Generally the emulator will complete emulation for an entire video frame in a couple of ms, which implies it idles doing nothing for 10+ms. All the events that arrive in that time then get delivered 'simultaneously' to the emulation (which can delay them the appropriate amount of time that it would take to receive them over e.g. a serial port, but they still arrive in these big chunky clumps).
Trying to solve this problem is very hard. You could try to do a fine-granularity wait (e.g. on every video line) but this is then subject to timing issues when you don't get your timeslice (and you won't get your timeslice moderately frequently on any non-realtime OS). You can buffer all input a frame ahead, including timing information, and replay it accurately. But this pumps latency into the system. And all solutions require some work to be going on at a very fine granularity which is a right pain on power consumption, free cycles for the rest of the system and the like; even modern operating systems are only just starting to think about even 1ms timeslices, let alone 64us or similar.
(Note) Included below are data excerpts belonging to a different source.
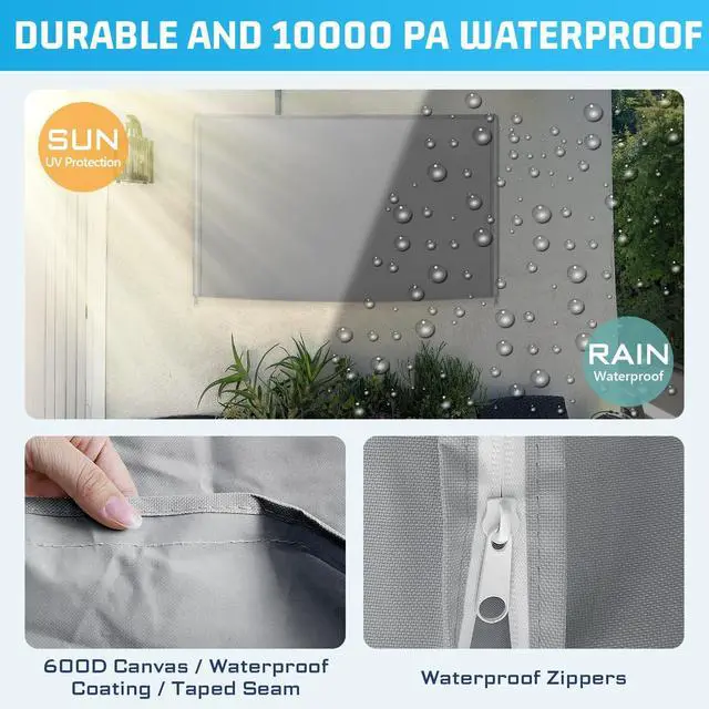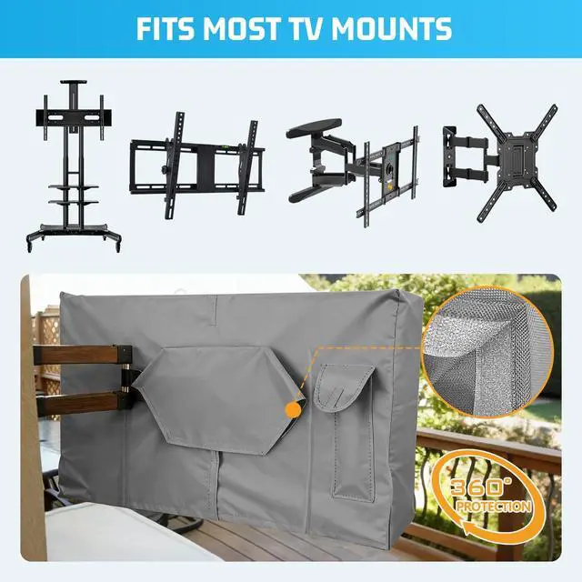 Outdoor Weatherproof TV Cover-It's made of a very heavy duty fabric - it's 600D Oxford, it's very resistant to wind, water and the like. It also keeps the harsh sun off your TV, has zipper closures all the way around. It keeps dust and airborne particles off your electronics which helps the life of expensive things ^^ Perfect Fit and
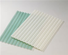 FRP浪(平)板是由樹脂及玻璃纖維所疊置而成,為複合材料之一種,其較塑膠材質(PC或PVC)具有更好的強度特性,並且,其具有良好的透光性,可作為屋頂的採光板加以使用,可達到室內白天不點燈的節能功效。
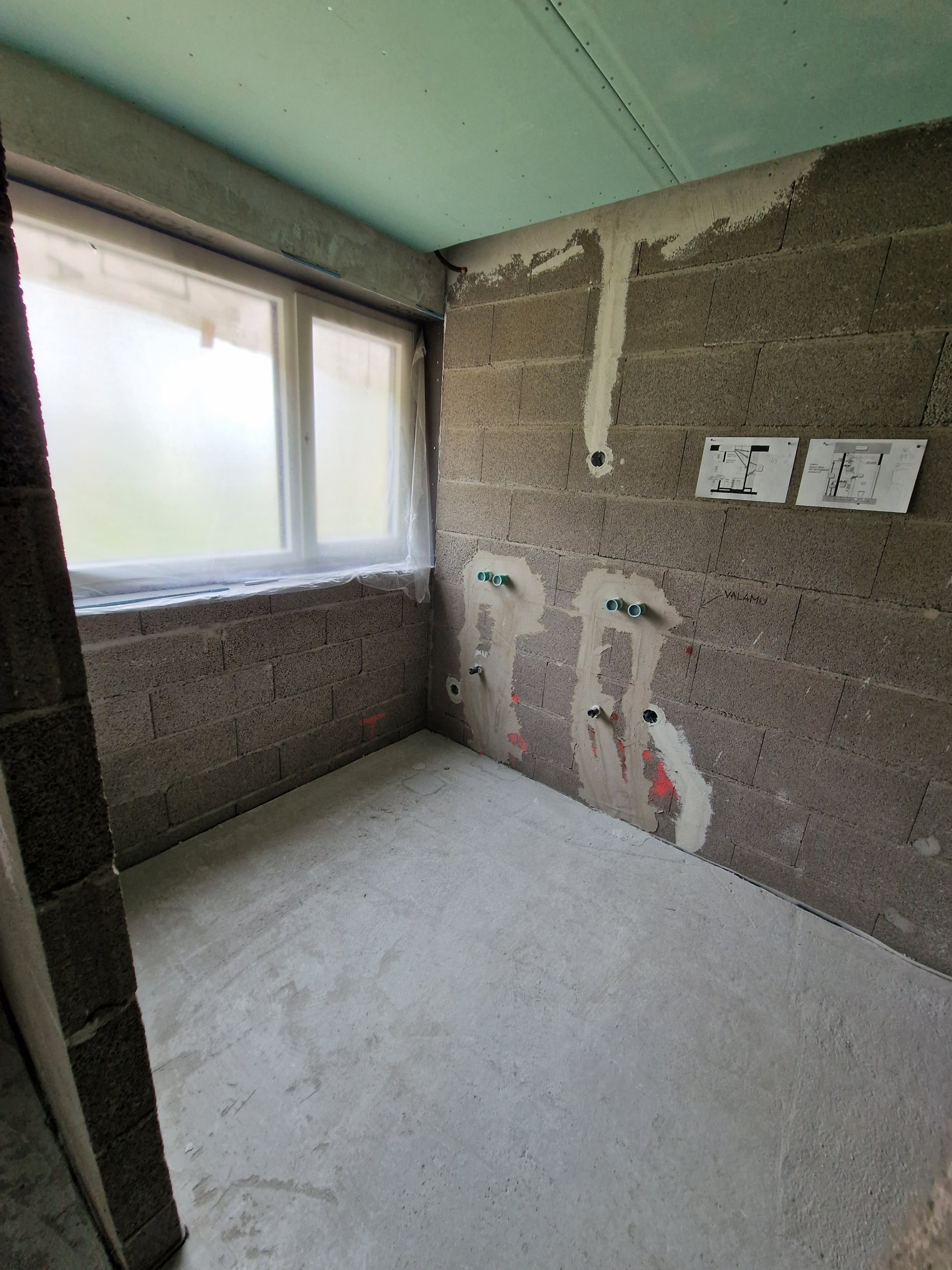 Ehitusjärg hetkel selline, et krohvitööde võimalik alustada 1 nädala jooksul.

It's generally not a large problem for one-way communication, but bidirectional communication runs hard into this. E.g. using a network to emulate serial; two emulators connected via the network will really struggle to handle any handshaking protocol at decent speed because if it sends then listens it's often likely to see 10ms delays in the response, and 19200 baud should be able to see a response in under 1ms always. I ran into this trying to get serial-via-network working for Populous, Stunt Car Racer and the like.